▶ **About this task**
Skip every picture, and copy exactly the lines from the one containing "перед угрозой распада" to the end of the data.

The data section start

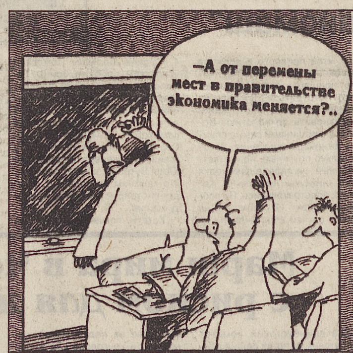
Рисунок Вячеслава ШИЛОВА.

«Урал» поначалу арендует производственные площади. А потом строит свои цехи и сводит к минимуму зависимость от арендодателя. Погрешивши какое-то время от чужой и к тому же ненадежной котельной, начинает строить свою, понимая, что это — убытки в течение нескольких лет, но независимость в перспективе. Встает перед угрозой распада
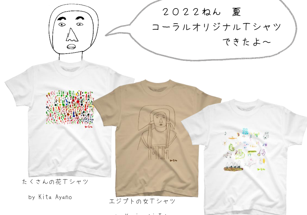
たくさんの花Tシャツ
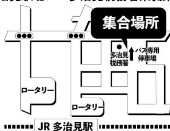
JR 多治見駅北口・多治見税務署東側にてお待ちください。
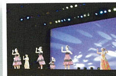
※写真は過去のイベントの様子です

The data section end

▶ **Answer space**
«Урал» поначалу арендует производственные площади. А потом строит свои цехи и сводит к минимуму зависимость от арендодателя. Погрешивши какое-то время от чужой и к тому же ненадежной котельной, начинает строить свою, понимая, что это — убытки в течение нескольких лет, но независимость в перспективе. Встает перед угрозой распада
たくさんの花Tシャツ
JR 多治見駅北口・多治見税務署東側にてお待ちください。
※写真は過去のイベントの様子です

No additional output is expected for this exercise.